Leverage on technology.
You could share an image or a link to a YouTube video on WhatsApp for students to watch and make comments in the course of the lesson. Technology enhances engagement in a lesson. Make good use of technology in your lessons. That’s the world in which we live.
Start on time and end on time
When you drag a lesson beyond the expected time, no matter how interesting your lesson is, students will soon get bored. The attention span of humans has greatly reduced in recent times. So learn how to drive a point home quickly and stick to the essentials as you deliver your lesson. Nothing kills engagement faster than lengthy lessons.
Encourage group work and pair activities.
Although collaborative teaching is a modern teaching method that was not emphasized as one of the Gospel teaching methods of Jesus Christ, it is an effective teaching method that promotes engagement in students.
Students need to learn from their bench mates, especially when they share ideas from their own perspective without relying on the views of the teacher.
You could pair students to discuss a view point or search the scriptures together and report their findings. These are active forms of learning that spontaneously keep students engaged in a lesson.
Stay local or in context with your student’s culture
Often, we teach Bible principles to students as though they were 1st century students living in the times of Abraham to Moses to Jesus, and to Apostle Paul.
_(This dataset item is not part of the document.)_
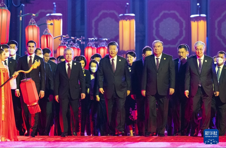 5月18日晚,国家主席习近平和夫人彭丽媛在陕西省西安市大唐芙蓉园为出席中国-中亚峰会的中亚国家元首夫妇举行欢迎仪式和欢迎宴会。宴会后,习近平夫妇同贵宾们共同观看中国同中亚国家人民文化艺术年暨中国-中亚青年艺术节开幕式演出。这是习近平和彭丽媛同贵宾们共同前往元功门举行欢迎宴会。新华社记者 黄敬文 摄

Jesus taught his lessons in the context that was familiar to his audience. For instance, most of his parables and analogies pointed to farming, slaves and masters, vineyard, kingdoms, tax collectors and so on.
His narratives made concrete connections with the life experiences of his learners.
Likewise, as a 21st century teacher, relate experiences of social media, COVID-19, flat screen television, computers, Bitcoin, etc. Talk about what is happening in your community and what your learners can easily relate to.
Bible principles have not changed and will never change. But the times and cultures change. So teach in the season’s context and the culture. Teaching out of context makes it difficult for students to relate with the principle you wish to pass across.
As teachers, we all crave to have engaging lessons. Jesus is our model. if we apply the teaching secrets of Jesus Christ in our lessons, we’ll get students fully involved on our lessons.